The design and development of ubiquitous and pervasive applications require new operational models that can permit an efficient use of  resources and services and a reduction of the need for the administration effort typical in client-to-server networks.Gaber in [Gab00] and [Gab06] has proposed two alternative paradigms to the traditional client/server paradigm (CSP) to design and implement Ubiquitous and Pervasive applications : the Adaptive Services/Client Paradigm (SCP) and the Spontaneous Service Emergence Paradigm (SEP). These paradigms involve the self-organization and the self-adaptation principles.  For example, as pointed by Gaber in [Gab00, Gab06], these paradigms could be implemented via a self-adaptive and reactive intelligent network (or middleware) inspired by natural and biological systems like the natural immune system that exhibits self-organizing and emergence capabilities. More precisely, unlike the classical Client/Server approach, each user request is considered as an attack launched against the global network. An immune networking middleware reacts like the natural immune system against pathogens that have entered the body. It detects the infection (i.e., user request) and delivers a response to eliminate it (i.e., satisfy the user request). Recall that in ubiquitous computing, the main objective is to provide users the ability to access services and resources all the time and irrespective to their location, while in pervasive computing, the main objective is to provide spontaneous emergent services created on the fly by mobiles that interact by ad hoc connections[Gab00, Gab06].

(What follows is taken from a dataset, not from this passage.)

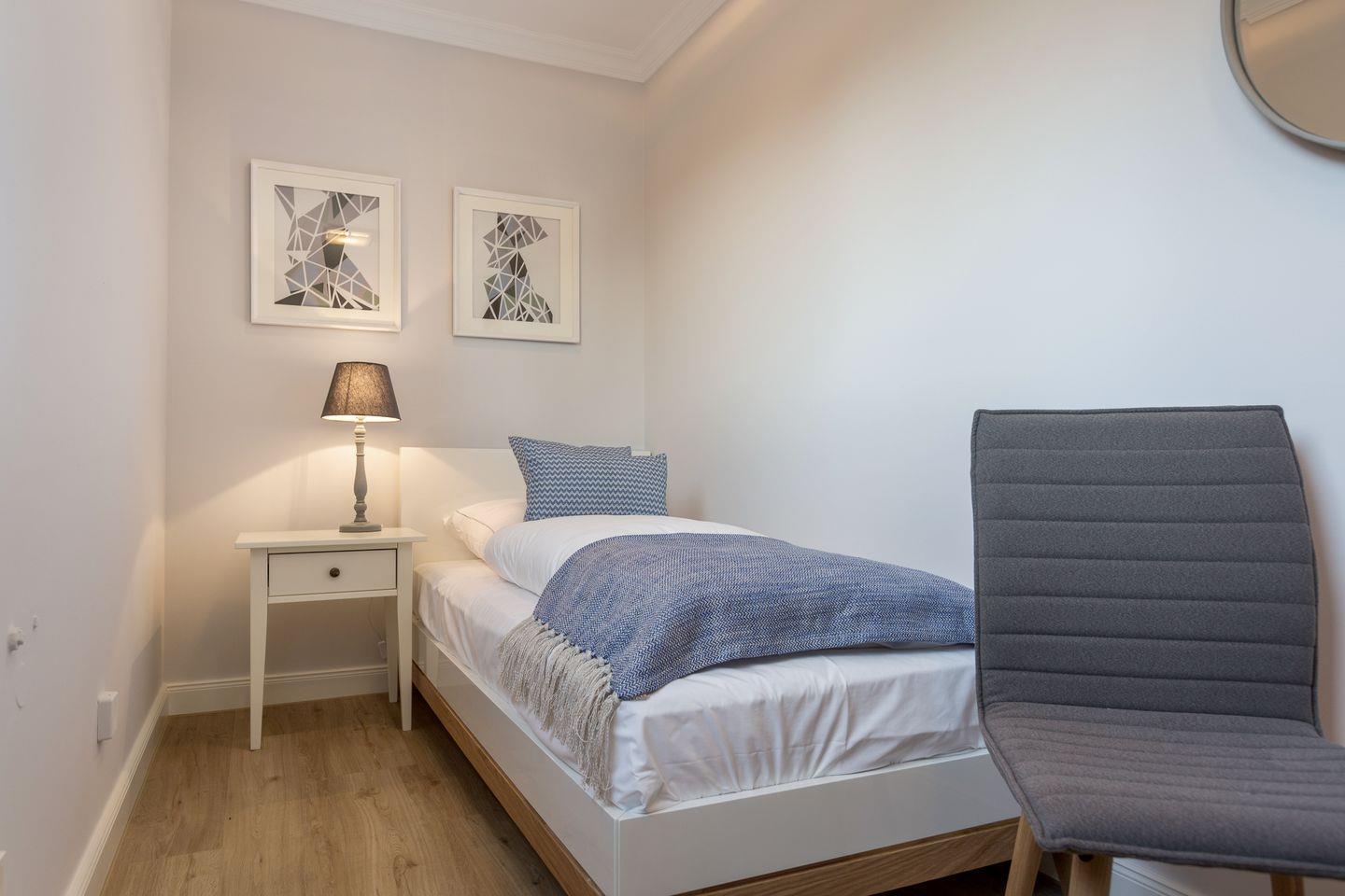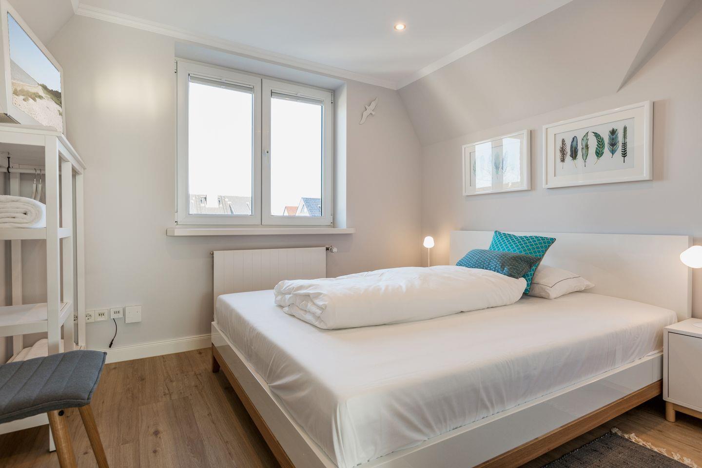 Im Obergeschoss des Hauses erwarten Sie zwei große Schlafräume mit je einem Doppelbett. Eines der Schlafzimmer verfügt über ein Bad en Suite mit Tageslicht, Badewanne und Regendusche. Ein weiteres Tageslicht-Bad mit Dusche ist vom Flur aus zu erreichen, außerdem finden Sie im Obergeschoss ein weiteres Schlafzimmer mit französischem Bett. Das Dachgeschoss des Hauses verfügt über ein Schlafzimmer mit zwei Einzelbetten sowie über einen weiteren Raum mit gemütlichem Sofa und Flatscreen-TV.

Recently, agent-based approaches, with self-adapting and self-organizing capabilities , have been proposed to implement SCP and SEP respectively. More precisely, these approaches, inspired by the human immune system, provide scalable and adaptive service discovery and composition systems for ubiquitous and pervasive environments .

[Gab00]  J. Gaber, New paradigms for ubiquitous and pervasive computing, Research Report RR-09, Universite de Technologies de Belfort-Montbeliard (UTBM), France, 2000.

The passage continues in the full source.